Grant seekers should get in alignment with what the Department is talking about by reading as much as they can about Duncan’s preferred uses of the stimulus aid and the guidance posted on the Departments web site, and use that language as it best fits with their work. The Department is looking for innovative ways that raise academic achievement, reduce dropout rates, and build partnerships to expand the sense of schooling beyond the traditional school day. If you have achieved success in something that sounds like what they are describing and you have documented results, use these in your proposal(s). If you’ve been working in your state or district across agencies and including non-profits and others to bust silos and scale up, you are in pretty good shape for seeking funding. It’s a new day in education and we can embrace the ambiguity knowing many of us are in the same boat.

I foresee a logical obstacle that might makes sending down the current Education budget problematic. You alluded to it in your blog, but it may be worth looking at more closely.

The ed department's current budget is unprecedented. There's never been an education budget this big before - EVER! It's sheer scale may foreshadow challenges that make disbursement of the funds much more difficult.

On May the 18th, at a symposium on “Resource Allocation, Reinvestment and Education Reform” held in Washington D.C. by the Center for American Progress (CAP), during the keynote address.

Secretary Duncan announced there that the US Department of Education’s budget, including regular Congressional appropriations and additional one-time-only allocations from the American Recovery and Reinvestment Act. That includes a total of 100 Billion dollars for “entitlement programs” and another 10 Billion dollars for discretionary projects and programs.

I recently researched the NDEA's total budget. Best estimates are it was between 900 million and 1.5 billion dollars spent on education programs, equipment purchases, student loans, fellowships and student loans under NDEA between 1958 and 1962.
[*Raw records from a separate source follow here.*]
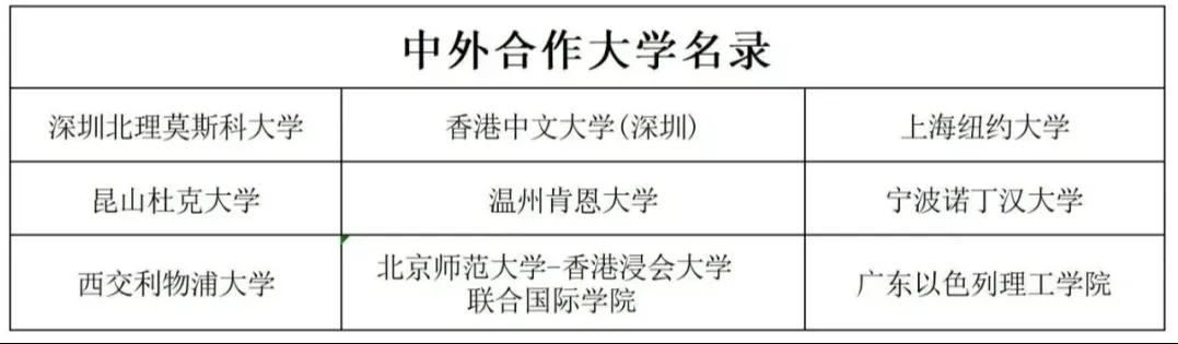 中外合作大学名单:
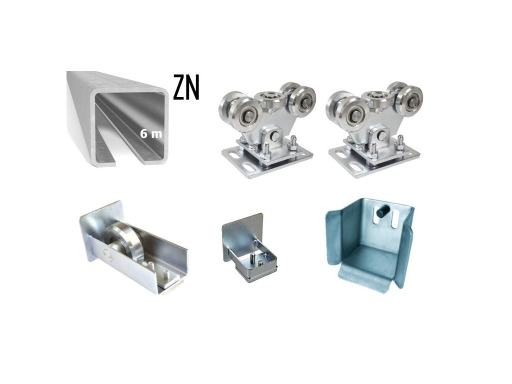 Sada obsahuje nosné vozíky pro samonosné brány s pěti válečky, kde jsou použita ložiska. Vozíky mají možnost regulace a kývání, přičemž regulace slouží k "doladění" odrazu brány od země a kývání slouží k rovnoměrnému namáhání všech ložisek v tahu a tlaku. Vozíky se dodávají včetně montážní desky.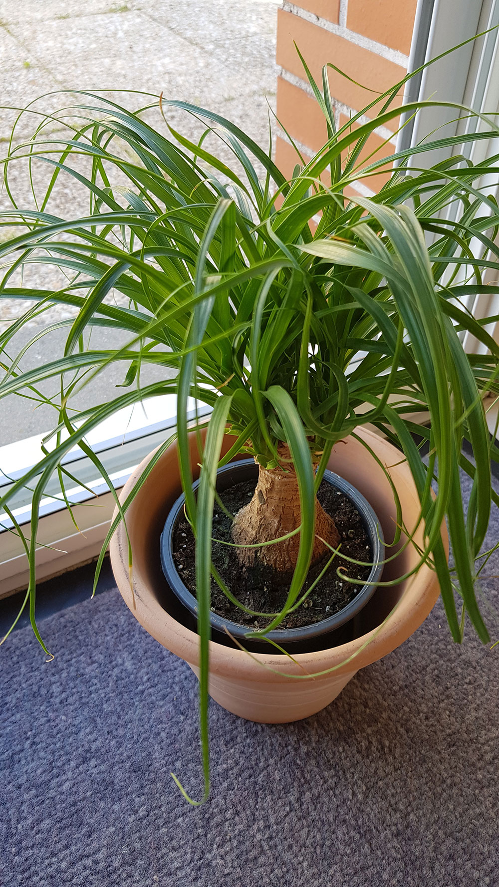 Le Beaucarnea n’a pas besoin de plus grand. C’est une plante qui aime assez être à l’étroit et ça évite de la noyer. A la limite il n’a pas besoin non plus d’un rempotage, quoi que le substrat ait croûté en surface.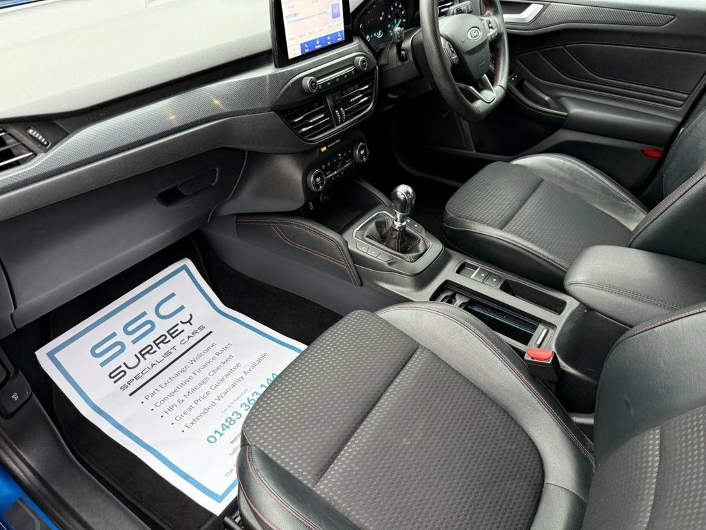Surrey Specialist Cars are proud to present our lovely Ford Focus ST Line X. This amazing car comes with Service History, finished in stunning metallic blue with grey contrast interior. The car has a MOT until January 2026 so it is ready to go. The 1L Petrol engine offers superb economy at over 58 MPG on combined cycle. Features Include Multifunction Steering Wheel, Trip Computer, Satellite Navigation, Parking Camera, Heated Seats, Upgraded Sound System, Stereo/Phone Control, FM/DAB Radio, CD Player, Bluetooth Audio, USB Input, AUX Input, Air Conditioning, Heated Rear and Front Screen, Start/ Stop System, 12V Charging Socket, Fog Lights, 6 Speed Manual Gearbox, 18 Inch Alloy Wheels and two Remote Control Keys to name a few. 18in Alloy Wheels - 5x2 Spoke - Matt Bla, Airbags - Driver and Front Passenger, Airbags - Front Side Impact, Airbags - Front and Rear Side Curtain, Alloy Finish Pedals, Automatic Dimming Rear View Mirror, Body Colour Bumpers, Cruise Control with Speed Limiter, DEATC - Dual-Zone Electronic Automatic T, Dark Headliner, Door Handles - Body Colour, Door Mirrors - Electrically-operated - H, ESC - Electronic Stability Control, Electric Parking Brake, Flat Bottomed Steering Wheel with Red St, Ford Easy Fuel System, Ford SYNC3 DAB Navigation System, FordPass Connect, Front Passenger Airbag Deactivation Swit, Front Seat - Drivers Manual Lumbar Suppo, Front Seats - Driver and Passenger Heate, Front an

Assuming the accuracy of that estimate, the 2009 budget for the US Department of Education is almost 100 times bigger than the total expenditures for all the combined programs under NDEA over 4-5 years.

When NDEA became the “law of the land” in 1958 (P.L. 85-864), distribution of funds to the States was literally tied to five “entitlements” (Titles I, II, III, IV and V) that provided funds to virtually every school district or loan applicant that applied, with few strings attached.

NDEA funds were spent down over a period of 4-5 years. But the sum of all the NDEA budgets was considerably smaller than the budget now available under the Education Department’s combined budget with substantially more preconditions required.

Secretary Duncan’s reforms go right to the heart of what’s needed to change poor performance in our Nation’s K-20 educational system. But his prerequisites for states to receive their share of the education budget may make it harder for the U.S. Department of Education to successfully “spend down” that really enormous budget.

I hope the Secretary gets that ARRA $$ where it is so badly needed very soon.

America's schools and teachers (many of whom have already been "pink slipped") need that support to arrive in school district budgets as soon as possible.


(Parts of the above were reposted from here: http://www.democrats.org/page/community/post/rblomeyer/CGVJg )

Racial segregation is being used in public schools to keep racially targeted students out of classrooms and hallway restrooms when they report daily threats and violence. I have a letter from a school district telling my son he could not go to classes if a substitute was in the room and he could only use the nurse's restroom. This was his punishment for two years of reporting everytime he was threatened or assaulted. I guess it is only illegal if the child is not white.